I dont want to be critical but perhaps recommendations of coffee from someone who has tasted it, brewed it , and perhaps used it in the methods you want to brew right be more pertinent ....

Something like sweetshop espresso blend might not suit your preferences ( folgers etc ) , but then you might wanna try something new ....again id expect this to excel brewed as espresso , doesnt mean you can't use it in aeropress at all ....its just it may be better in the cup as espresso ....

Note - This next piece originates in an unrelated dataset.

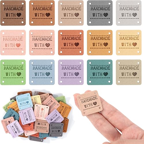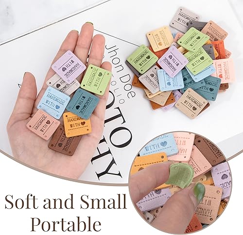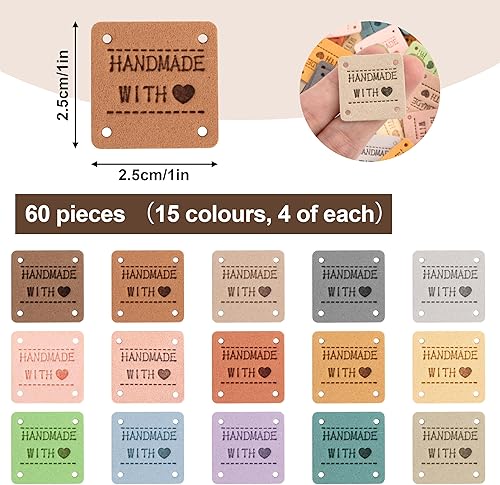 Étiquettes Faites à la Main à Coudre, Lot de 60 Étiquettes en Cuir PU, Étiquettes Relief Fabriquées Main avec Trous, Étiquettes de Couture pour Vêtements, Tricot, Bricolage, 15 Couleurs

Have a look at each bean and the sites the tasting notes and the brew recommendations , perhaps look for ones that are ok for filter or pour over , some roasters will even provide a aeropress guide or recipe for a bean or brewing in general


----------



## jim3rg (Apr 17, 2015)

Ok thanks I have a better understanding now. Apologies if these questions have been asked before.

Jim


----------



## Mrboots2u (May 10, 2013)

jim3rg said:


> Ok thanks I have a better understanding now. Apologies if these questions have been asked before.
> 
> Jim


hey no worries at all

what we is all here for...


----------



## MWJB (Feb 28, 2012)

At first, it may take a little while for you to find you feet with a method that makes any of the beans, wherever they are from & whatever brew method they are intended for, to marry up with the tasting notes. This is pretty normal - if you do strike gold on the first go, make sure you wrote everything down so you can then tell us how to do it! 

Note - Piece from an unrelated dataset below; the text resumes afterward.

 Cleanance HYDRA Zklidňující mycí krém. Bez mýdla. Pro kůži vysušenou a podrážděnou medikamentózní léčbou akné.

This isn't necessarily a sign that you need to change beans, or brewer, or grinder...you may need a little tweak to your recipe, so try and stick to a method & a bean and adjust things little by little...remember face puckering sourness and gurn-inducing bitterness were not things that the roaster is trying to describe to you in the notes 

Keep notes on what you are doing so if you do get a little stuck you can start up a thread in the brewed forum, there are enough folk with the same brewer & similar grinders that you can compare notes with.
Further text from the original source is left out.